Method validation is the process of determining if the method is fit for its intended purpose. In this case, the method is for detecting COVID anti-bodies at or above a concentration threshold. For these types of tests, there are two potential outcomes, present or absent, so the method is challenged by analyzing true positives and true negatives. The results of analyzing true positives during validation must result in 95% probability of detection to state the the true positive probability meets that criterion. The same is true for validating the true negative probability. It would be interesting to examine the validation data generated by the kit manufacturers.

I fully agree that screening methods are developed to minimize false negatives at the risk of having false positives, with any positives confirmed by other orthogonal tests/examinations.

Yes, this makes sense… thank you for commenting!

https://jamanetwork.com/journals/jama/fullarticle/2764954

This article describes some of the issues. Of note, “Although commercial manufacturers claim their tests have high sensitivity and specificity, they haven’t published their data yet. This lack of transparency is worrisome, Theel said: “The question is, when following symptom onset were these samples collected to show that sensitivity and specificity?”

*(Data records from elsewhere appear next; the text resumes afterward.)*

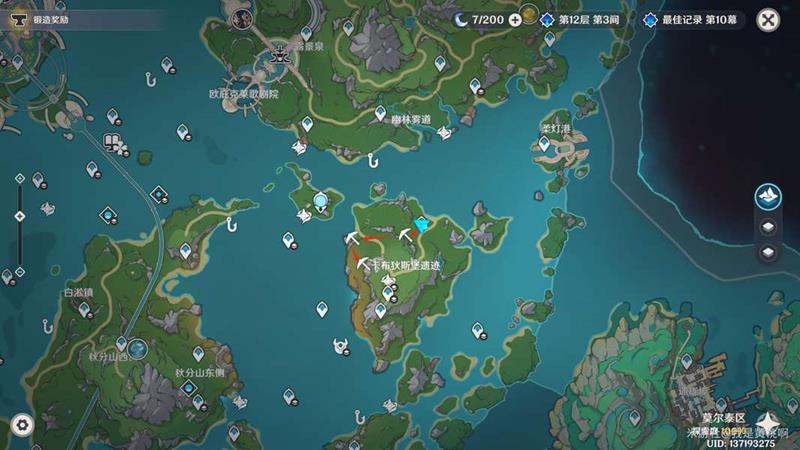 枫丹东部这里的散点很多,这里筛选出不低于3个白铁矿的路线,可以优先采集。
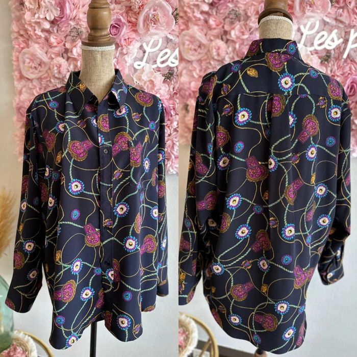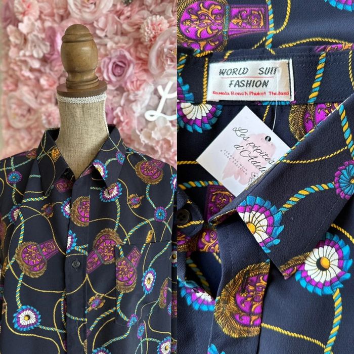 En excellent état, cette magnifique chemise à motifs vintage est un véritable trésor. Avec sa fermeture à boutons et sa marque World Suit Fashion, elle offre un charme rétro indéniable. Fabriquée en Thaïlande, elle est également dotée d'une étiquette "Made in Thaïlande". Cette chemise convient parfaitement jusqu’à une taille 48, peut être portée de manière oversize pour une taille plus petite. - Longueur : 78cm - Aisselle à aisselle : 63cm - Épaule à épaule : 46cm - Longueur des bras : 61cm - Diamètre haut du bras : 24cm ℹ️ Photo portée générée à titre illustratif, pour vous donner une idée du rendu.
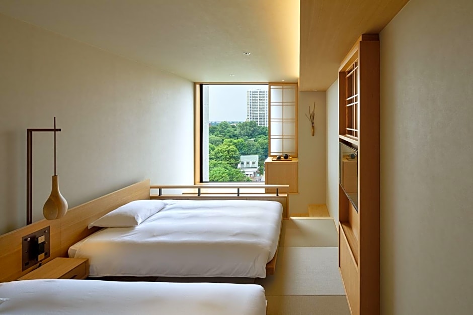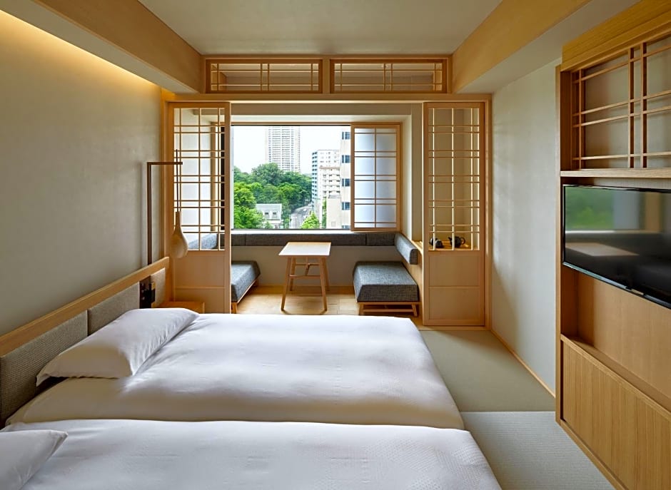 The twin room features tatami floors, a seating area with a flat-screen TV, air conditioning, a tea and coffee maker as well as city views. The unit offers 2 beds.
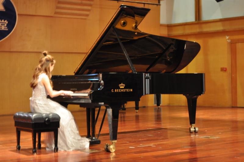 首先,王晓佳老师介绍了此次音乐会的节目单并表示音乐不分民族。此次课堂将会呈现亚洲、欧洲、美洲各国最具民族风格代表的钢琴音乐,采用视频、演奏、现场讲解三种手段相结合的方式对各国的钢琴音乐艺术进行全方位的解读,使音乐所表达的意境得到更充分的展现。让同学们感受来自不同国家不同时期的民族音乐风格,充分感受音乐文化的多元世界。 演出正式开始首先是由林洁美同学演奏的《悲歌》,作品但并不象题目那样呜呜咽咽, 而是让人感受到一种“斯人已逝”的无奈,充满了俄罗斯精神中令人窒息的宁静感,和一种寒冷却令人血液凝固的感动。之后,是由王晓佳老师、向斯帖四手联弹演奏的《小组曲》舒缓的旋律让人联想到一种童话色彩,随着乐章的发展有着优美的摇摆节奏,和富于变化的速度,琴声中充满了明亮的色彩。其次,张感佩同学为大家带来的《樱花》整首曲子描述和赞扬了樱花的美丽、高尚和纯真,具有浓厚的日本民族气息,整首曲子充满了幻想效果。除此之外还有《挪威舞曲--清晰的快板》、《肖邦f小调幻想曲op.49》、《西班牙组曲--阿斯图里亚斯》、双钢《华丽的探戈》等精彩演绎。
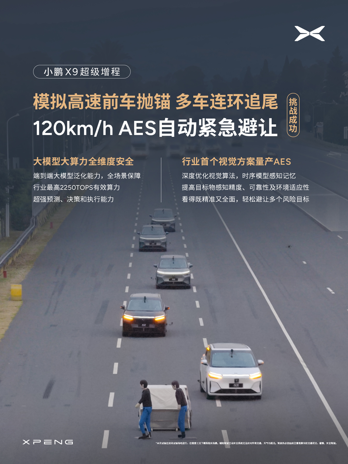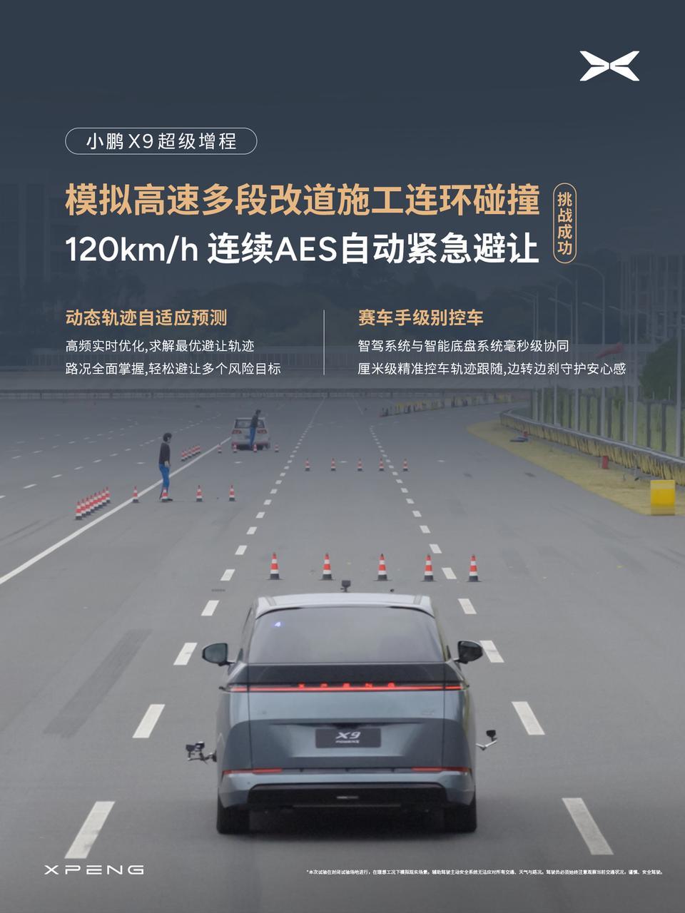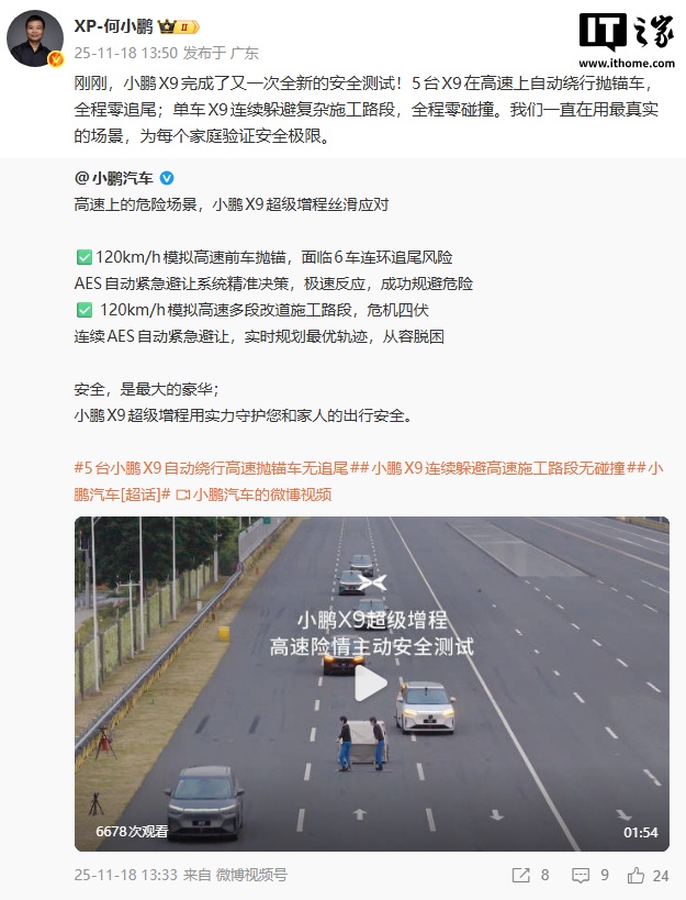 alixixi 11 月 18 日消息,小鹏汽车创始人何小鹏今日宣布,小鹏 X9 超级增程全球首次挑战高速两大高危场景,AES 自动紧急避让全程零失误!
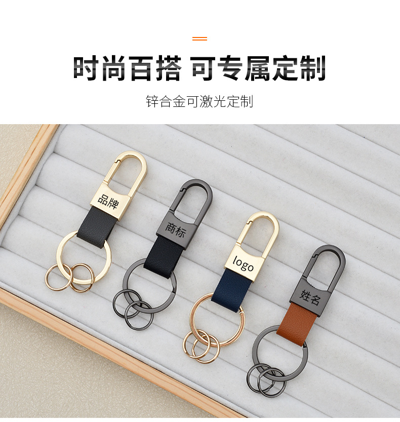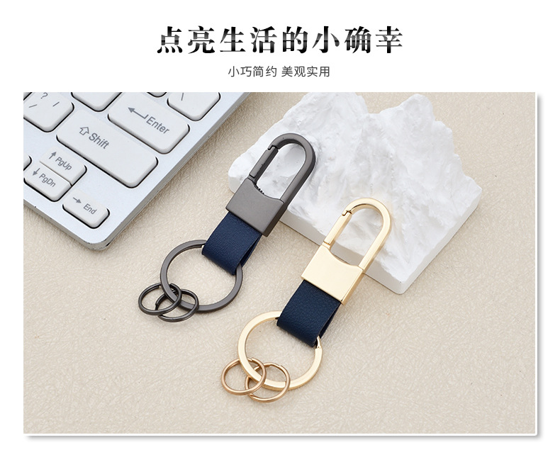 简约皮质钥匙扣个性时尚男士腰挂汽车钥匙链家居收纳防丢U型扣挂
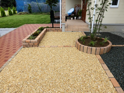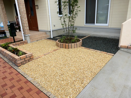 ただ化粧砂利を敷くだけでは変化がないので、中央にシンボルツリーの花壇をレンガで囲い、
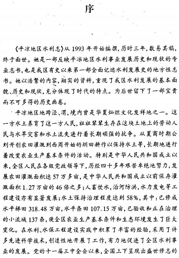 内容简介:本志记述了平凉市水利事业发展的历史与现状。包括农田水利建设、水利工程建设、水土保持工作、水利管理、水利科技等。
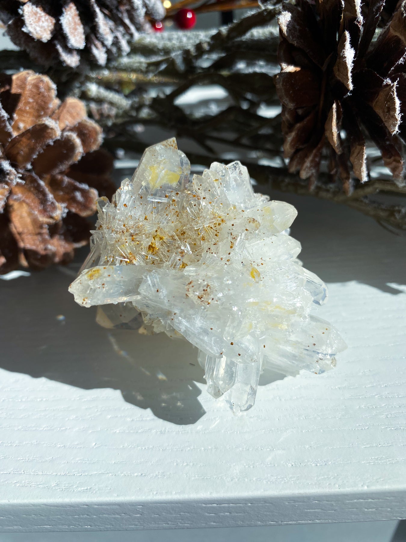 The iron gives the quartz a golden-rust hue, amplifying its grounding and energizing properties. Think of it as your personal spark plug for stuck energy, especially useful when you're calling your power back or reworking your relationship with action and discipline.

Her laboratory has found that most people with SARS-CoV-2 don’t start producing antibodies—or seroconvert—until at least 11 to 12 days after symptom onset. “So, if we were using these rapid lateral flow assays at the point of care to test recently symptomatic patients,…they are more likely than not going to be negative,” she said.”

Another thing that is hastily cobbled together during this crisis, a crisis really on so many levels!